> **Exercise data**
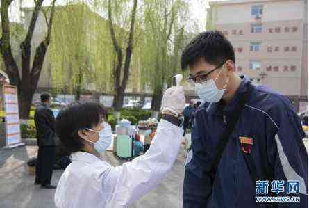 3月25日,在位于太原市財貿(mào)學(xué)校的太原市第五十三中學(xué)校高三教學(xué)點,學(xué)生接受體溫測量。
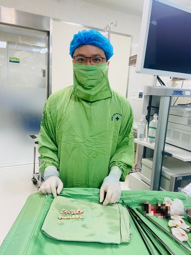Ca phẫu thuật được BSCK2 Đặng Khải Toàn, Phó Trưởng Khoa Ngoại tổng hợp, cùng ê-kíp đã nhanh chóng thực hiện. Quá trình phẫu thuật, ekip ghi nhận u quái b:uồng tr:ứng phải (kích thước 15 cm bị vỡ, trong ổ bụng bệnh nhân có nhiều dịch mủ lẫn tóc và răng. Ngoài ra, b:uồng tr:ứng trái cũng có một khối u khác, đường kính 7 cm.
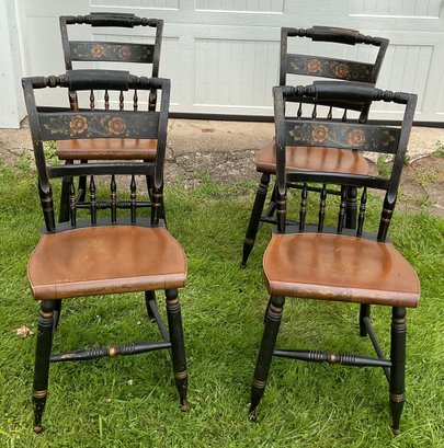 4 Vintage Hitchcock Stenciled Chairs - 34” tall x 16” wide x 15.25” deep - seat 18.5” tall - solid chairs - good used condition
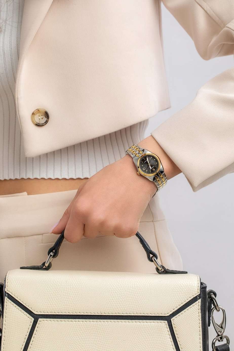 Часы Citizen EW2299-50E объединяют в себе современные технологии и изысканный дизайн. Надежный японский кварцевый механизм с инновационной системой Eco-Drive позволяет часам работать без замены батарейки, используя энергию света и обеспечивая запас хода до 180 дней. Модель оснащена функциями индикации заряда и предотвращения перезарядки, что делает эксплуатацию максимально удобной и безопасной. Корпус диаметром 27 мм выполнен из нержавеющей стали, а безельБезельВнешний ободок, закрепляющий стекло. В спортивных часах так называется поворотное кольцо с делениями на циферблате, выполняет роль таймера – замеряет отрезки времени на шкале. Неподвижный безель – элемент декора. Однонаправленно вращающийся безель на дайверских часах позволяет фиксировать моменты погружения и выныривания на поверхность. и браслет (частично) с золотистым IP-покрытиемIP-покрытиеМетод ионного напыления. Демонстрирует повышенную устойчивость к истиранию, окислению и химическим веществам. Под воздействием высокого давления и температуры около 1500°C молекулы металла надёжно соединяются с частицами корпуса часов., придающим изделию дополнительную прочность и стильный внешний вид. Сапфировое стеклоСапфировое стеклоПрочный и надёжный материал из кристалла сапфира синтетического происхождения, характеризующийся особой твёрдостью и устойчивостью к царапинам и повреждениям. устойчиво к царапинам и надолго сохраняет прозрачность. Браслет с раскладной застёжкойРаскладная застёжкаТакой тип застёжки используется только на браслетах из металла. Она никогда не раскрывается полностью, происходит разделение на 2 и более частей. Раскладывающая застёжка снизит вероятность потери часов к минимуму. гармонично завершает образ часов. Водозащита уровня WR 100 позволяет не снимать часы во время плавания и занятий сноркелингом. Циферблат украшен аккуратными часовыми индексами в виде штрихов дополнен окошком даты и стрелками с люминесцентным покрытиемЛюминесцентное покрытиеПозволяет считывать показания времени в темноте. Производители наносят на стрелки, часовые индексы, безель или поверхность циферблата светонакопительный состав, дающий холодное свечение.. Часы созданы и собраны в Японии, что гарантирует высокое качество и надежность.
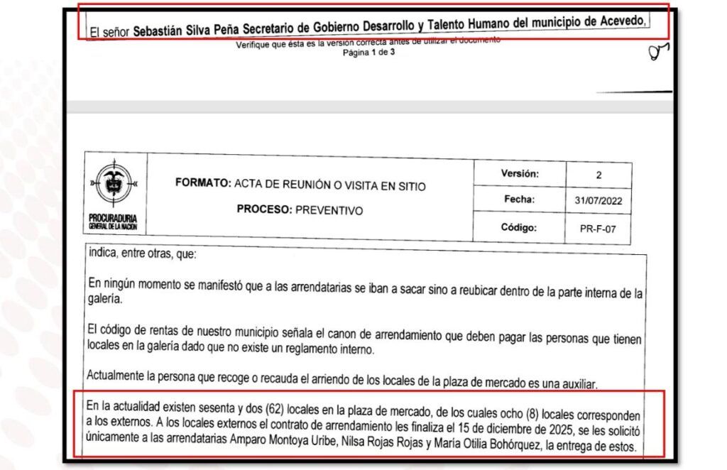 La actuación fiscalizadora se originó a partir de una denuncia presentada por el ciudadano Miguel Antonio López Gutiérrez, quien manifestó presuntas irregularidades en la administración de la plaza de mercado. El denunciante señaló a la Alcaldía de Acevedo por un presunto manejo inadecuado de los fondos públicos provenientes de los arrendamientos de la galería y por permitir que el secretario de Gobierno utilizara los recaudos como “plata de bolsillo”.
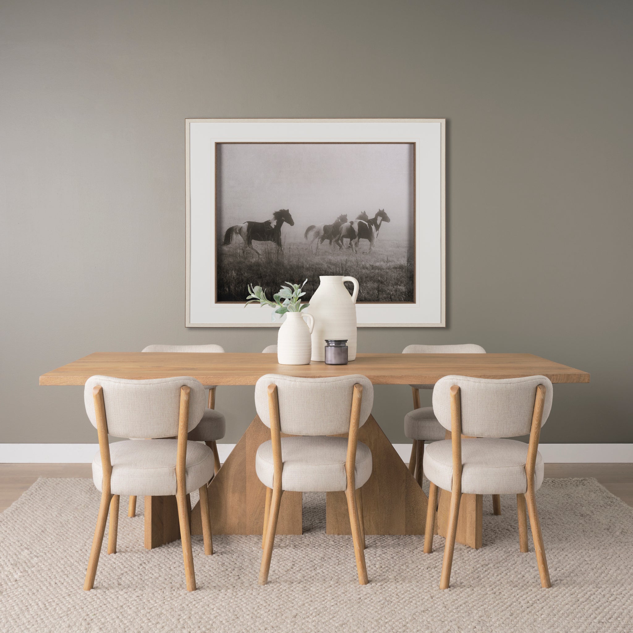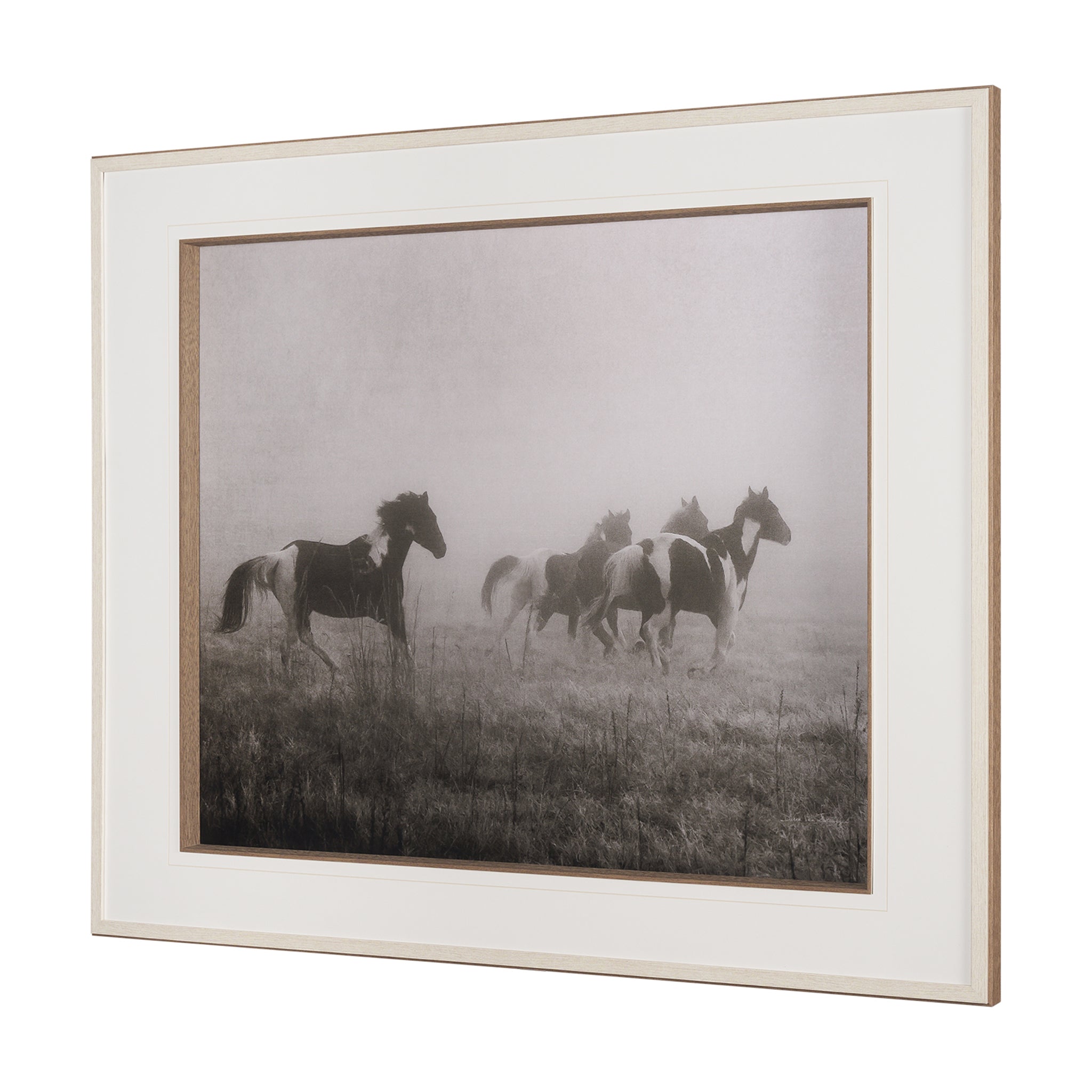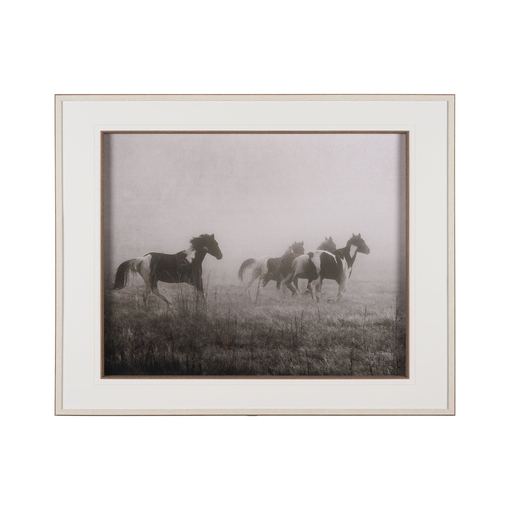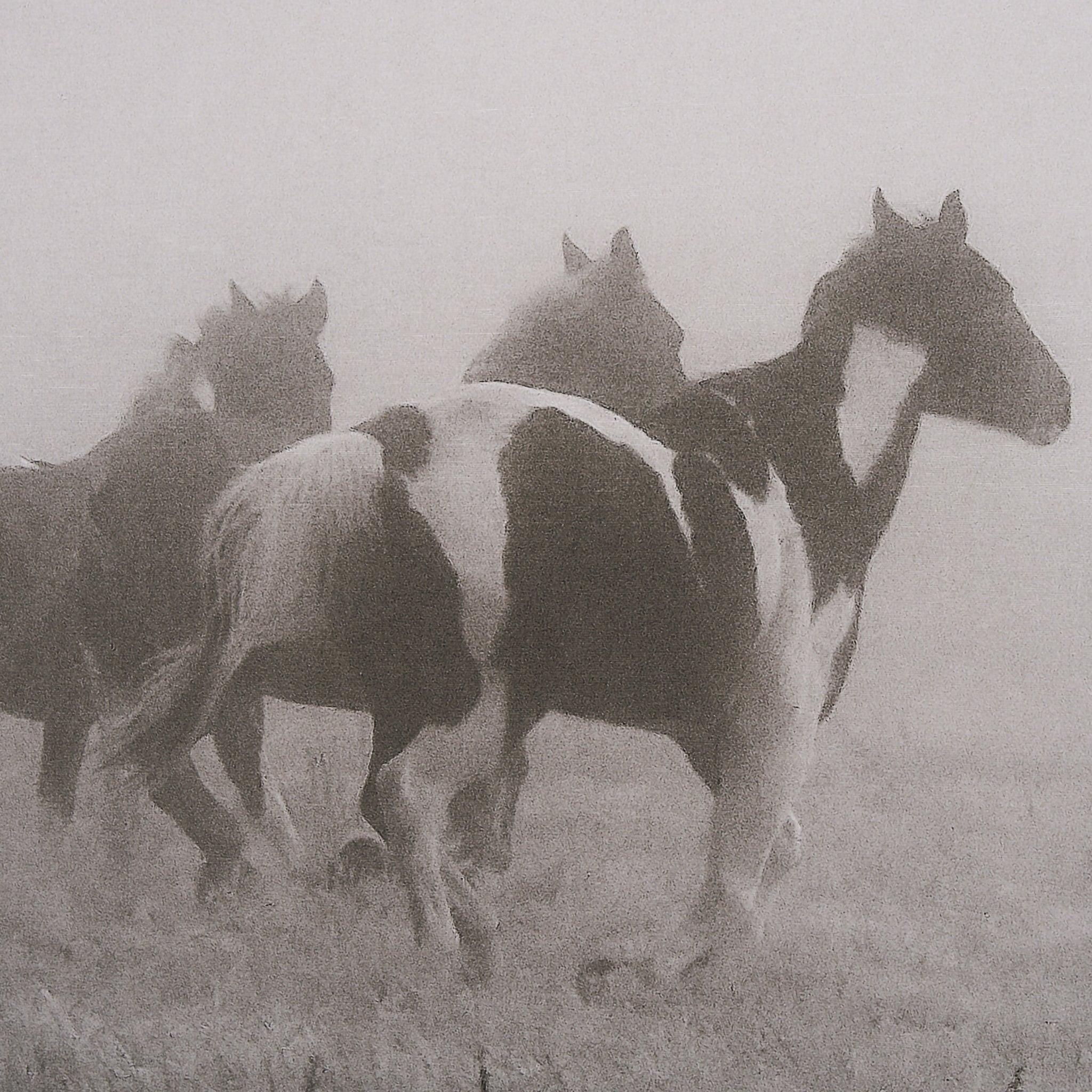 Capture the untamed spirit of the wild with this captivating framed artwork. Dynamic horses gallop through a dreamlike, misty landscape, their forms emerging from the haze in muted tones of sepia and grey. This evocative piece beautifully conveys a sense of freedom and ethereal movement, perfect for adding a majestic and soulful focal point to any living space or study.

...

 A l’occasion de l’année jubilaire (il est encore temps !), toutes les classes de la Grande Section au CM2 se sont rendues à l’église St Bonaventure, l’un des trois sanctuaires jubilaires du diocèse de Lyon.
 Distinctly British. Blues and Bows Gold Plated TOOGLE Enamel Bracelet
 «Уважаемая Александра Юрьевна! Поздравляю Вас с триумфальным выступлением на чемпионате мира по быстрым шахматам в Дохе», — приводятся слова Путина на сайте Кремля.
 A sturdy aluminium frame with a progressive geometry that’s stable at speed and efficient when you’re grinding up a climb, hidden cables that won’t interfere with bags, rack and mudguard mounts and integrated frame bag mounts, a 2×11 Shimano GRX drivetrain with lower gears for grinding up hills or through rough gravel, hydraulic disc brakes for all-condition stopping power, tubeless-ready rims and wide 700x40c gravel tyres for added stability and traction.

> **Exercise details**
Your answer should consist solely of the lines above from the line with "A l’occasion de" to the line with "A sturdy aluminium", both included, reproduced exactly.

> **Result**
 A l’occasion de l’année jubilaire (il est encore temps !), toutes les classes de la Grande Section au CM2 se sont rendues à l’église St Bonaventure, l’un des trois sanctuaires jubilaires du diocèse de Lyon.
 Distinctly British. Blues and Bows Gold Plated TOOGLE Enamel Bracelet
 «Уважаемая Александра Юрьевна! Поздравляю Вас с триумфальным выступлением на чемпионате мира по быстрым шахматам в Дохе», — приводятся слова Путина на сайте Кремля.
 A sturdy aluminium frame with a progressive geometry that’s stable at speed and efficient when you’re grinding up a climb, hidden cables that won’t interfere with bags, rack and mudguard mounts and integrated frame bag mounts, a 2×11 Shimano GRX drivetrain with lower gears for grinding up hills or through rough gravel, hydraulic disc brakes for all-condition stopping power, tubeless-ready rims and wide 700x40c gravel tyres for added stability and traction.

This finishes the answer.